**WHAT THE TASK REQUIRES**
Your answer must be an exact copy of the entries below, with no pictures in it.

Stored records:
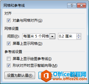 。随即将显示“网格和参考线”框。 注释 如果您想让“网格和参考线”对话框中的当前设置成为所有演示文稿的默认设置,请单击“设为默认值”。
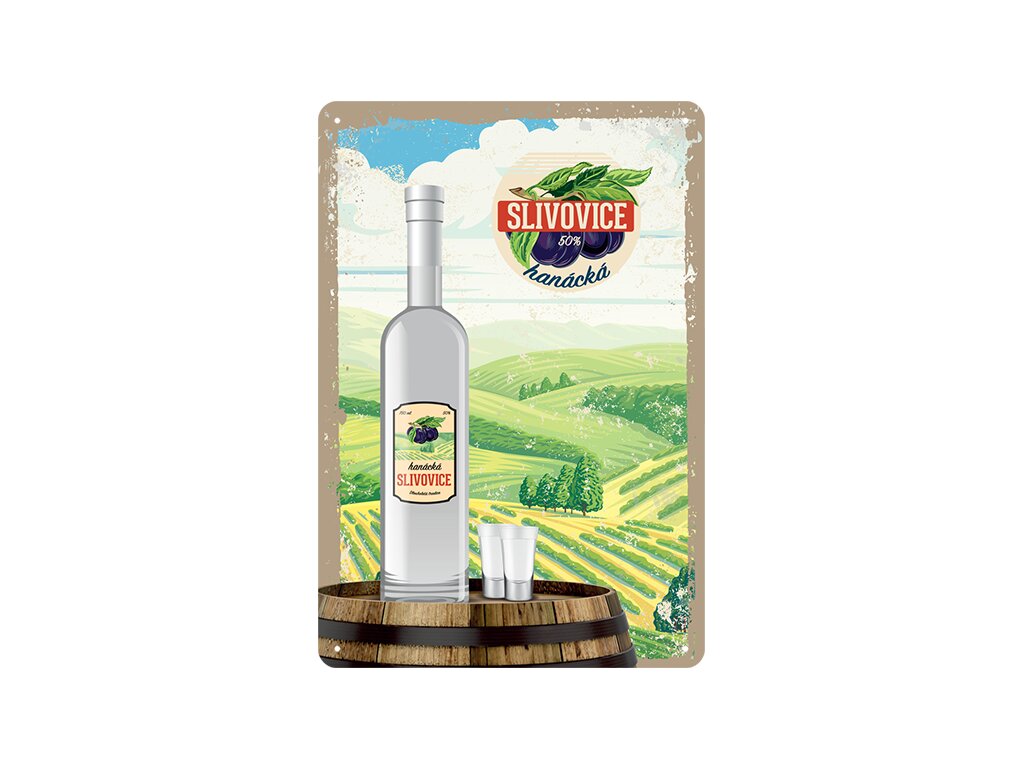 Retro plechová cedulka s textem "Hanácká slivovice".Rozměr: 20 x 30 x 0,3 cmMateriál: smaltovaný plech prečítať celé
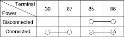 1. There should be continuity between the No.30 and No.87 terminals when power and ground are connected to the No.85 and No.86 terminals.
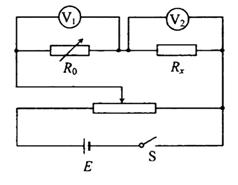 题型6. 右图为一电学实验的实物连线图。 特测电阻Rx的阻值(约500Ω)。图中两个电压表量程相同,内阻都很大。实验步骤如下:
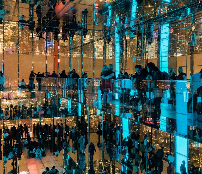 L’installation artistique « Air », imaginée par Kenzo Digital, emploie d’imposants miroirs pour transporter les visiteurs dans un univers sensoriel infini. Chaque surface réfléchissante crée une illusion sans fin, amplifiant les sensations de hauteur et d’espace. Cette conception unique redéfinit l’expérience d’observation en fusionnant créativité, technologie et vertige urbain refiné.
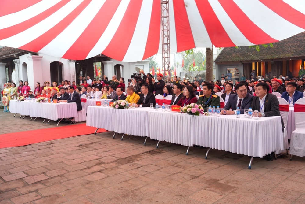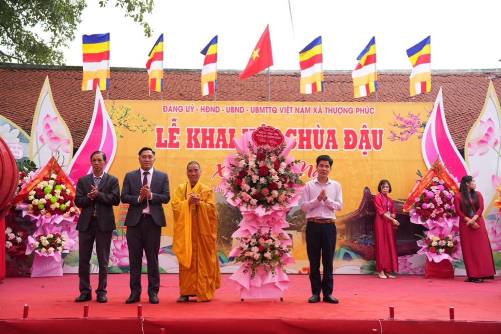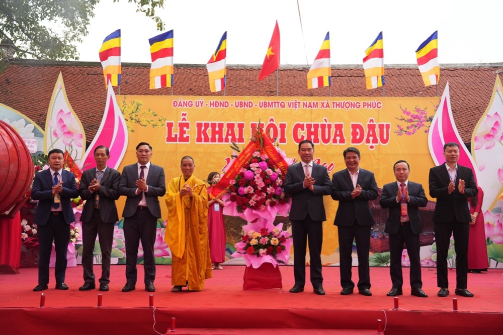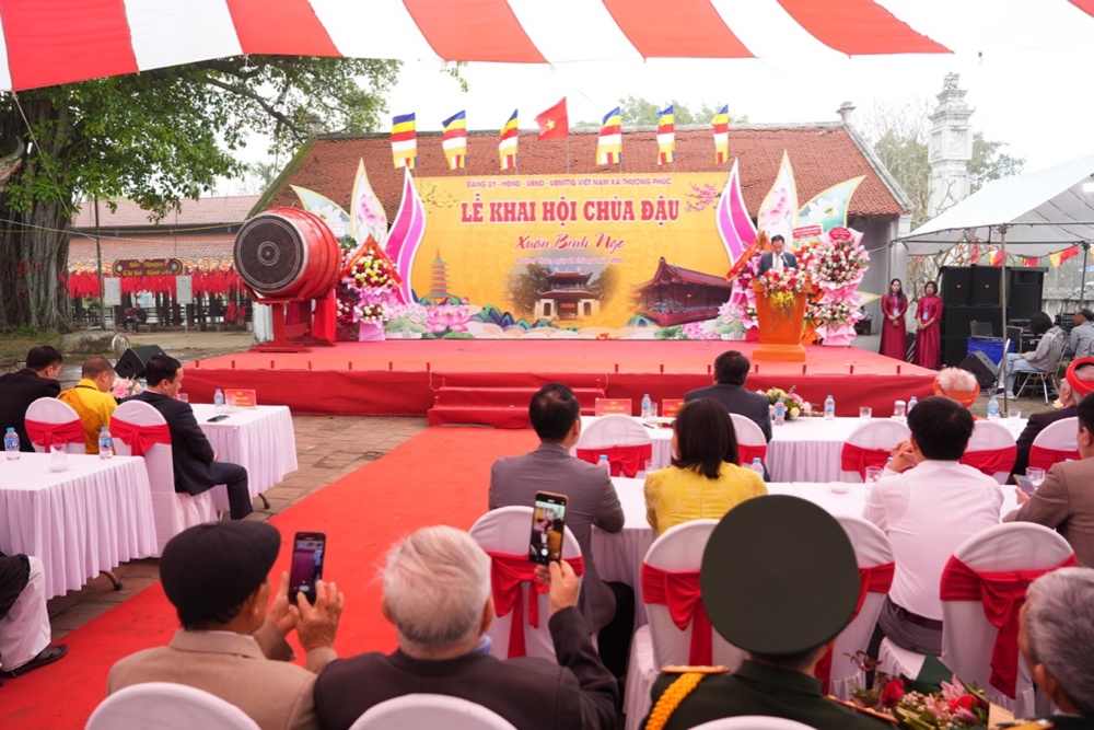 Phát biểu khai mạc, ông Tạ Hữu Thọ nhấn mạnh, Chùa Đậu là di tích linh thiêng, nơi lưu giữ hai pho tượng toàn thân xá lợi của Thiền sư Vũ Khắc Minh và Thiền sư Vũ Khắc Trường, những bậc chân tu đắc đạo đã tu hành, hóa thân tại chùa cách đây hơn 300 năm. Năm 2017, hai pho tượng được Chính phủ công nhận là Bảo vật Quốc gia, khẳng định giá trị độc đáo, hiếm có của di tích.

**SOLUTION TO THIS EXERCISE**
 。随即将显示“网格和参考线”框。 注释 如果您想让“网格和参考线”对话框中的当前设置成为所有演示文稿的默认设置,请单击“设为默认值”。
 Retro plechová cedulka s textem "Hanácká slivovice".Rozměr: 20 x 30 x 0,3 cmMateriál: smaltovaný plech prečítať celé
 1. There should be continuity between the No.30 and No.87 terminals when power and ground are connected to the No.85 and No.86 terminals.
 题型6. 右图为一电学实验的实物连线图。 特测电阻Rx的阻值(约500Ω)。图中两个电压表量程相同,内阻都很大。实验步骤如下:
 L’installation artistique « Air », imaginée par Kenzo Digital, emploie d’imposants miroirs pour transporter les visiteurs dans un univers sensoriel infini. Chaque surface réfléchissante crée une illusion sans fin, amplifiant les sensations de hauteur et d’espace. Cette conception unique redéfinit l’expérience d’observation en fusionnant créativité, technologie et vertige urbain refiné.
 Phát biểu khai mạc, ông Tạ Hữu Thọ nhấn mạnh, Chùa Đậu là di tích linh thiêng, nơi lưu giữ hai pho tượng toàn thân xá lợi của Thiền sư Vũ Khắc Minh và Thiền sư Vũ Khắc Trường, những bậc chân tu đắc đạo đã tu hành, hóa thân tại chùa cách đây hơn 300 năm. Năm 2017, hai pho tượng được Chính phủ công nhận là Bảo vật Quốc gia, khẳng định giá trị độc đáo, hiếm có của di tích.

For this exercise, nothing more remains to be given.